### What is being asked
Your job with the data below is to output exactly the lines from the one holding "In its deluxe" down to the one holding "All of the thiazole", both included, and no others.

··· The data ···

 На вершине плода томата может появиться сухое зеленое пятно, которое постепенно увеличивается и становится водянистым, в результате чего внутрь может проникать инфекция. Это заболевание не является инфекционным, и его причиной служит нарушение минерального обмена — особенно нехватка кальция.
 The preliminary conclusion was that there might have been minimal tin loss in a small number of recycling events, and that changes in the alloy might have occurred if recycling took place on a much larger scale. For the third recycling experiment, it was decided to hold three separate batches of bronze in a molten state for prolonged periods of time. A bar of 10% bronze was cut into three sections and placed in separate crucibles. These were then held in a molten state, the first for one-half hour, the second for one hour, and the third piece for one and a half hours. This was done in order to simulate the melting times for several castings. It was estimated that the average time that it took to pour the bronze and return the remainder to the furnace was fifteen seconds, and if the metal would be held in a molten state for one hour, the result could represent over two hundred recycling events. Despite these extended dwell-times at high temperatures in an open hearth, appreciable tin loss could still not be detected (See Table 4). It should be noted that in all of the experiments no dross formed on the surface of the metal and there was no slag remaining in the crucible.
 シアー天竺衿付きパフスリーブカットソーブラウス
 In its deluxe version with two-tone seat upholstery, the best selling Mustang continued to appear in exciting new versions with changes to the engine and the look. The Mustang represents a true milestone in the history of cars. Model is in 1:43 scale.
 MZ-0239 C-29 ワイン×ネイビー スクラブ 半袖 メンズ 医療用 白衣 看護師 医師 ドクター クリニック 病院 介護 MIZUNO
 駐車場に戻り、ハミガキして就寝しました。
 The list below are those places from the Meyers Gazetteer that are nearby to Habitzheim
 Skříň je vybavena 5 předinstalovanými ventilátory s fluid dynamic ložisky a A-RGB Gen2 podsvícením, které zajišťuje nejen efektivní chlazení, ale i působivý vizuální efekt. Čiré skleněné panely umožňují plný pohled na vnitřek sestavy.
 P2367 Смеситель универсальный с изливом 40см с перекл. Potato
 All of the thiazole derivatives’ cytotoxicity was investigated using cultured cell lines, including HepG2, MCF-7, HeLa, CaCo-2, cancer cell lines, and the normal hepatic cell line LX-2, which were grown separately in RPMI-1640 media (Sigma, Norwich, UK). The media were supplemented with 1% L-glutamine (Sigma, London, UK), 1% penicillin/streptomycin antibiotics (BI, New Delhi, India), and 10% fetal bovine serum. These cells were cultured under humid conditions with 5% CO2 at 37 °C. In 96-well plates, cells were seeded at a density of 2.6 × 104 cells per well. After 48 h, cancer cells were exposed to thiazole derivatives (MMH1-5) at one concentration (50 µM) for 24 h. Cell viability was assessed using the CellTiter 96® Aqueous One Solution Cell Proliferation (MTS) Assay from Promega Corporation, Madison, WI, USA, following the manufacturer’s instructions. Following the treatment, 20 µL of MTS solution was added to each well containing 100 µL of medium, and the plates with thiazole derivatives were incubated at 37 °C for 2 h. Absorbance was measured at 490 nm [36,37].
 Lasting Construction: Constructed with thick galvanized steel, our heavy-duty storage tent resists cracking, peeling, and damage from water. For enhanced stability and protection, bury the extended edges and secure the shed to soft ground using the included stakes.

···

### Solution to this exercise
 In its deluxe version with two-tone seat upholstery, the best selling Mustang continued to appear in exciting new versions with changes to the engine and the look. The Mustang represents a true milestone in the history of cars. Model is in 1:43 scale.
 MZ-0239 C-29 ワイン×ネイビー スクラブ 半袖 メンズ 医療用 白衣 看護師 医師 ドクター クリニック 病院 介護 MIZUNO
 駐車場に戻り、ハミガキして就寝しました。
 The list below are those places from the Meyers Gazetteer that are nearby to Habitzheim
 Skříň je vybavena 5 předinstalovanými ventilátory s fluid dynamic ložisky a A-RGB Gen2 podsvícením, které zajišťuje nejen efektivní chlazení, ale i působivý vizuální efekt. Čiré skleněné panely umožňují plný pohled na vnitřek sestavy.
 P2367 Смеситель универсальный с изливом 40см с перекл. Potato
 All of the thiazole derivatives’ cytotoxicity was investigated using cultured cell lines, including HepG2, MCF-7, HeLa, CaCo-2, cancer cell lines, and the normal hepatic cell line LX-2, which were grown separately in RPMI-1640 media (Sigma, Norwich, UK). The media were supplemented with 1% L-glutamine (Sigma, London, UK), 1% penicillin/streptomycin antibiotics (BI, New Delhi, India), and 10% fetal bovine serum. These cells were cultured under humid conditions with 5% CO2 at 37 °C. In 96-well plates, cells were seeded at a density of 2.6 × 104 cells per well. After 48 h, cancer cells were exposed to thiazole derivatives (MMH1-5) at one concentration (50 µM) for 24 h. Cell viability was assessed using the CellTiter 96® Aqueous One Solution Cell Proliferation (MTS) Assay from Promega Corporation, Madison, WI, USA, following the manufacturer’s instructions. Following the treatment, 20 µL of MTS solution was added to each well containing 100 µL of medium, and the plates with thiazole derivatives were incubated at 37 °C for 2 h. Absorbance was measured at 490 nm [36,37].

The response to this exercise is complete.